Lesson 12, Volume 15—Medical Thoracoscopy

By Robert Loddenkemper, MD, FCCP

Objectives

1. To describe the technical aspects of medical thoracoscopy.
2. To identify the indications for medical thoracoscopy.
3. To describe the advantages of medical thoracoscopy in the diagnosis of pleural effusions.
4. To describe the role of medical thoracoscopy in the staging of lung cancer and diffuse malignant mesothelioma.
5. To describe the value of medical thoracoscopy in spontaneous pneumothorax.
6. To identify talc poudrage as the best option for conservative pleurodesis.

Key words

diffuse malignant mesothelioma; empyema; pleural effusions; pneumothorax; talc pleurodesis; tuberculous pleurisy

Abbreviations

TB = tuberculosis; VATS = video-assisted thoracic surgery

When compared with surgical thoracoscopy, or video-assisted thoracic surgery (VATS), medical thoracoscopy has the advantage in that it can be performed under local anesthesia or conscious sedation, in an endoscopy suite, and using nondisposable rigid instruments. Thus, it is considerably less invasive and less expensive than VATS.

Thoracoscopy was introduced by Jacobaeus, an internist in Stockholm, in 1910, primarily to diagnose pleural effusions.¹ However, during the ensuing 40 years, thoracoscopy was applied on a worldwide scale almost exclusively for lysis of pleural adhesions by means of thoracocautery ("Jacobaeus’s operation") to facilitate pneumothorax treatment of tuberculosis (TB).²

With the advent of anti-TB chemotherapy, a generation of physicians who were already familiar with the therapeutic application of thoracoscopy began to use this technique on a wider basis, mainly in Europe, for evaluating many pleuropulmonary diseases. Detailed descriptions of pleural disease, with emphasis on TB and malignant pleural effusions, appeared in the literature and the diagnostic potential of thoracoscopy was again verified.^3,4

With technical improvements and the trend towards less invasive procedures, thoracoscopy was rediscovered by thoracic surgeons at the beginning of the last decade and termed "surgical" thoracoscopy, which is actually VATS.⁵ Interestingly, this revival has also supported the introduction of "medical" thoracoscopy into the scope of respiratory practice, particularly in the United States where, according to a national survey in 1994, more than 5% of all pulmonologists were using medical thoracoscopy.⁶ In Europe, thoracoscopy is intrinsic in the training program of pneumology.⁷

Techniques

Medical thoracoscopy is an invasive technique that should be used only when other, simpler procedures are not helpful. As with all technical procedures, there is a learning curve before full competence is achieved. Therefore, appropriate training is mandatory. The technique is similar to chest-tube insertion by means of a trocar, the difference being that, in addition, the pleural cavity can be visualized and biopsy specimens can be taken from all areas of the pleural cavity including the chest wall, diaphragm, mediastinum, and lung. Thus, the term thoracoscopy should be preferred to "pleuroscopy," which is occasionally used instead.⁸

An absolute prerequisite for thoracoscopy is the presence of an adequate pleural space, which should be at least 6 to 10 cm in width. If not present, a pneumothorax is induced under fluoroscopic or radiographic/sonographic control, immediately or the day before thoracoscopy.

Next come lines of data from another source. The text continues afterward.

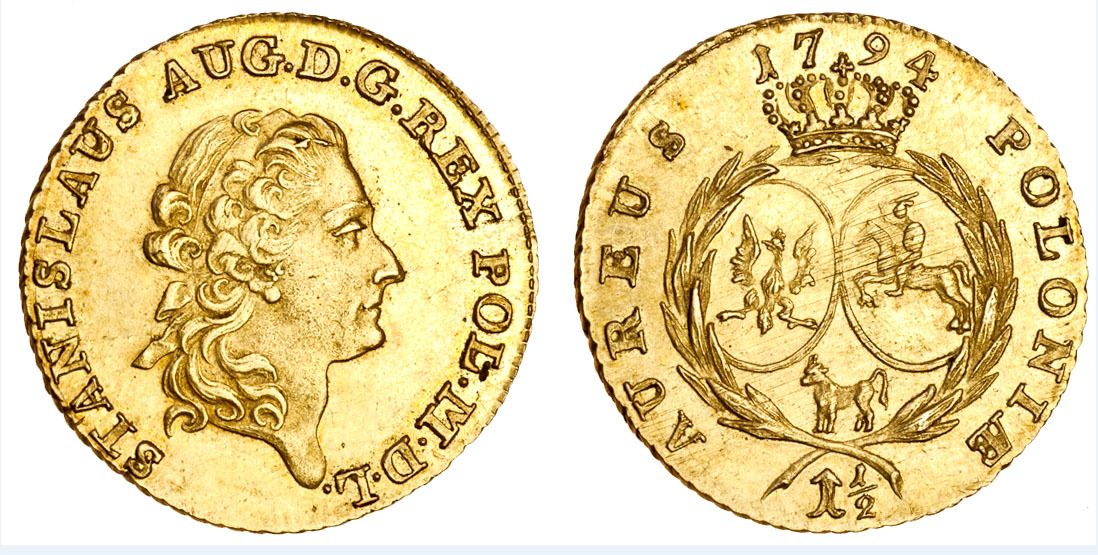 Poland, Stanislaus Augustus Poniatowski (1764-95), One and a Half-Ducats, 6.17g, 1794, Warsaw, laureate head right, rev. crowned shields in wreath, value below (F.99; H.Cz.3365 - R), extremely fine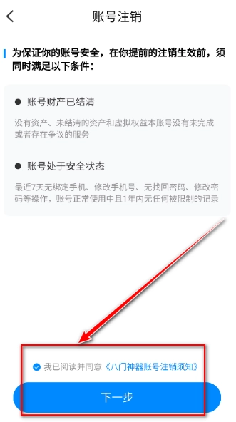页面会呈现《八门神器账号注销须知》,阅读完毕后勾选“我已阅读并同意”选项,接着点击“下一步”按钮。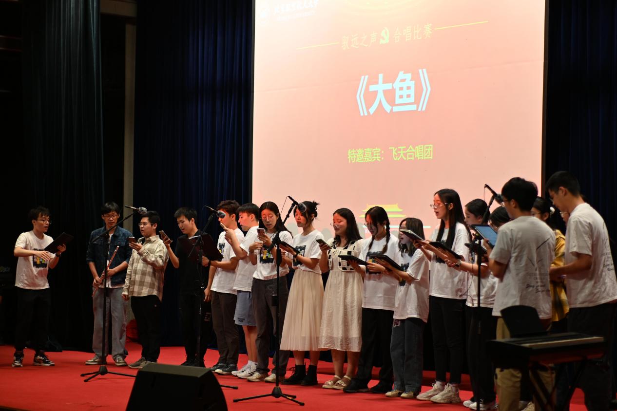 飞天合唱团作为此次比赛的特邀嘉宾,为大家带来了合唱《大鱼》和笛子独奏《红蜻蜓》。这不仅仅是音乐的展演,更是一场跨越时空的情感交流,所有观众为之沉醉与感动。在登台的合唱团成员中,多数都担任了本次比赛的指导老师,负责班级曲目的指导和编排。他们用自己的热爱和努力帮助每一个班级“从零起步”,让更多同学了解合唱,爱上合唱。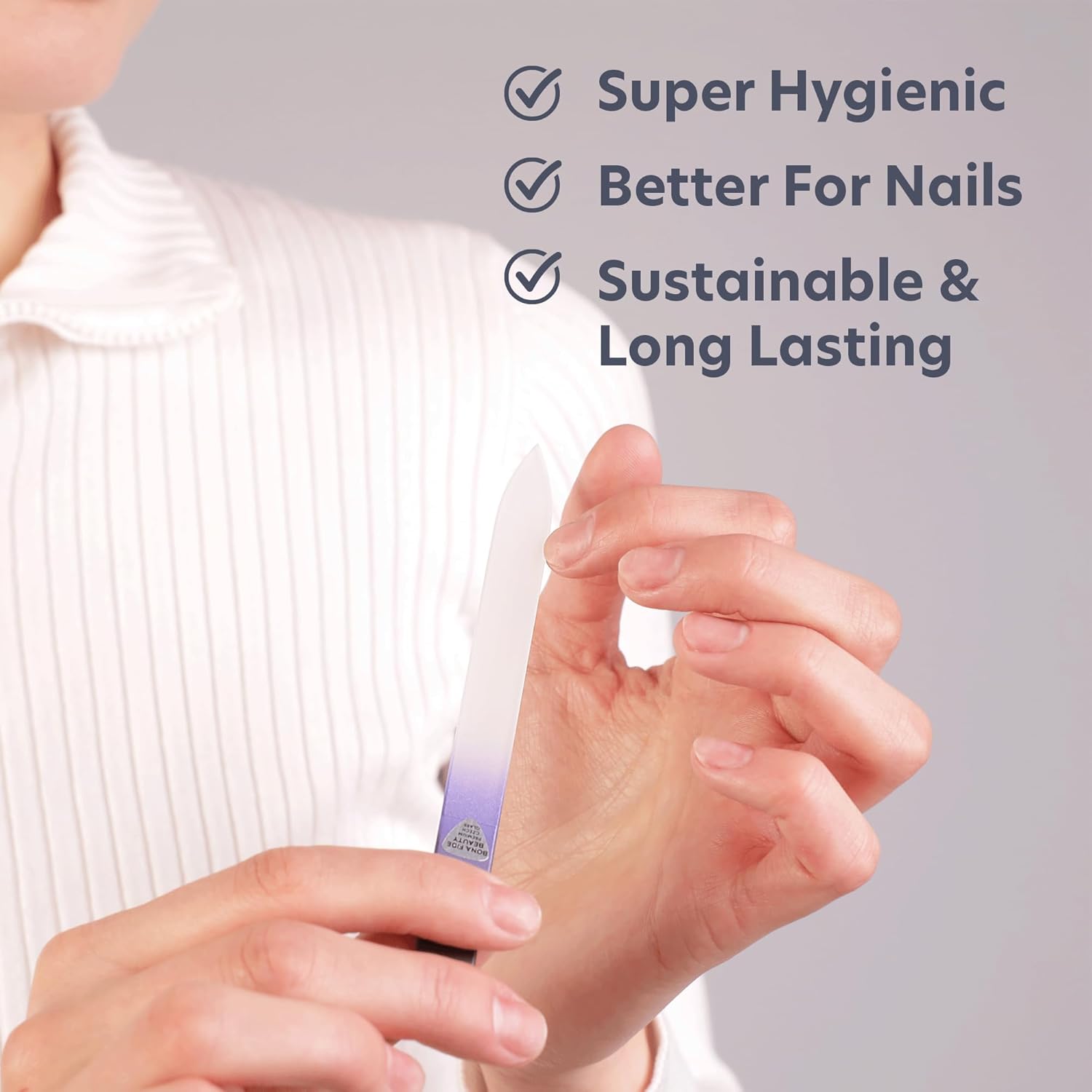 - Durable, Long-Lasting, Reusable Czech Glass Files - Czech glass nail files are tempered (strengthened) and therefore is further long lasting than other nail files. They can also be washed and reused continuously.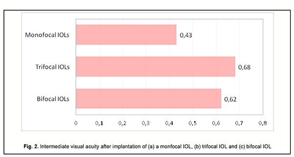 Although the amount of difference in near vision acuity between the two groups was substantial, no patient in either group wore glasses for work during the postoperative period. This indicated that myopic eyes became well adapted for near work. Patients with implanted monofocal IOLs were generally satisfied with their treatment outcomes, but had to wear their glasses for distance which caused some visual discomfort. Eyes with a trifocal IOL (n=13) showed the best intermediate visual acuity (0.68 ± 0.11), followed by eyes with a bifocal IOL (n=25) (0.62 ± 0.11) and eyes with a monofocal IOL (n=54) (0.43 ± 0.09) (Fig. 2).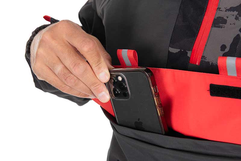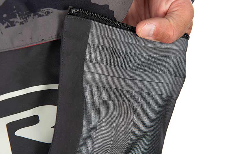 - Polsini stretti in neoprene e ampi deflettori sulle tasche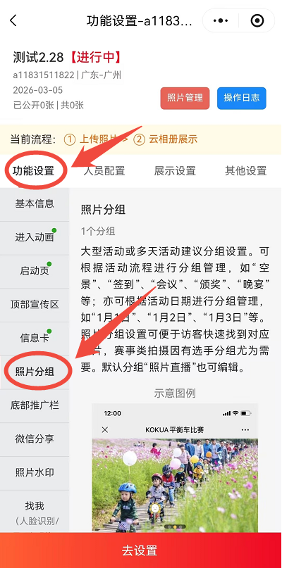 打开“我是摄影狮”小程序→进入“照片直播”→进入“已创建相册”→点击“功能设置”→点击“照片分组”→设置后保存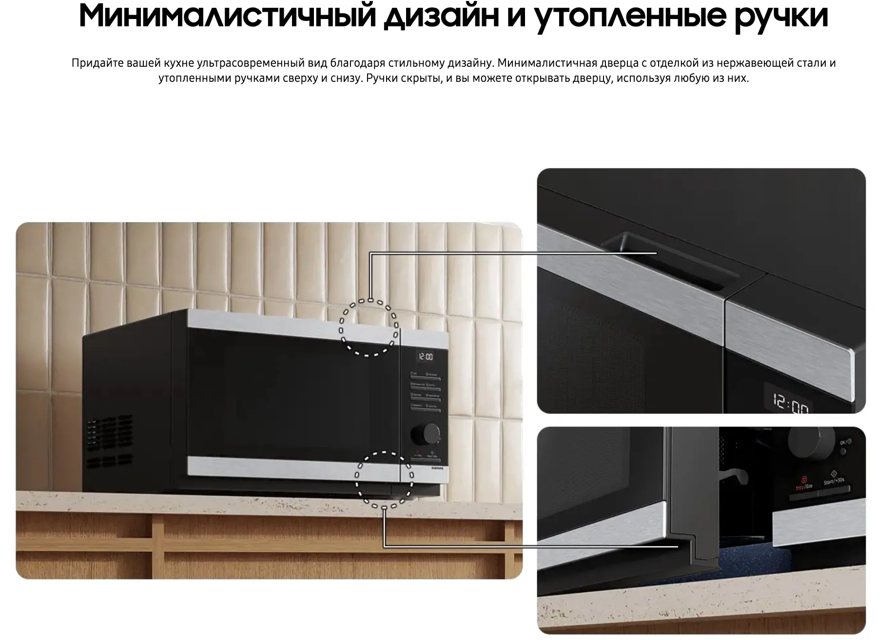 Придайте вашей кухне изысканный вид благодаря стильному дизайну микроволновой печи Samsung MG23DG4524ATBW. Минималистичная дверца с отделкой из нержавеющей стали и утопленными ручками сверху и снизу. Ручки скрыты, и вы можете открывать дверцу, используя любую из них. Наслаждайтесь надежным и удобным способом приготовления блюд с помощью гриля. Готовит, разогревает и поджаривает еду с помощью комбинации микроволн и нагревательного элемента, основанной на оптимальных алгоритмах. Нагревательный элемент (ТЭН) не нуждается в защитной оболочке, что облегчает его очистку. В меню представлены наиболее часто используемых виды продуктов: мясо, птица, рыба, овощи . Просто выберите тип и вес продукта и программа рассчитает оптимальное время размораживания, сохраняя при этом питательные свойства. Ускоренная, быстрая или 3D – это качественная разморозка. Одним касанием из замороженного в свежее!

The main advantage of medical thoracoscopy over VATS is that the examination can be performed under local anesthesia or conscious sedation after premedication and without the support of an anesthesiologist. Furthermore, medical thoracoscopy is less expensive as it may be performed safely with nondisposable instruments in an endoscopy suite.

The different techniques of diagnostic and therapeutic thoracoscopy, as performed by the pneumologist, are described in detail elsewhere.^3,4,9 Essentially, one method consists of a single entry with a 9-mm thoracoscope with a working channel for accessory instruments, optical biopsy forceps, and local anesthesia. The other involves two entries, one with a 7-mm trocar for the examination telescope and the other with a 5-mm trocar for accessory instruments including the biopsy forceps, and conscious sedation or general anesthesia.

Electrocoagulation should be available for cauterization of adhesions and blebs or in cases of bleeding after biopsy. For pleurodesis of effusions, 8 to 10 mL of sterile, dry, asbestos-free talc is insufflated through a rigid or flexible suction catheter with a pneumatic atomizer. For pneumothorax, 2 to 3 mL of talc is sufficient. Immediate suction through the chest tube is always applied following the procedure.

Flexible bronchoscopes have also been used but have several disadvantages when combined with the rigid thoracoscopes, ie, less optimal orientation within the pleural cavity and smaller biopsies. Currently under development are special semiflexible instruments with a rigid shaft and a flexible tip.

Medical thoracoscopy can be performed either under direct vision through the endoscopic optics or indirectly by video transmission (which allows demonstration to assistants and others as well as appropriate documentation).

Prevention of Complications

Medical thoracoscopy is safe if contraindications are observed and standard criteria are fulfilled.⁸ An obliterated pleural space is an absolute contraindication. Relative contraindications include bleeding disorders, hypoxemia, unstable cardiovascular status, and persistent, uncontrolled cough.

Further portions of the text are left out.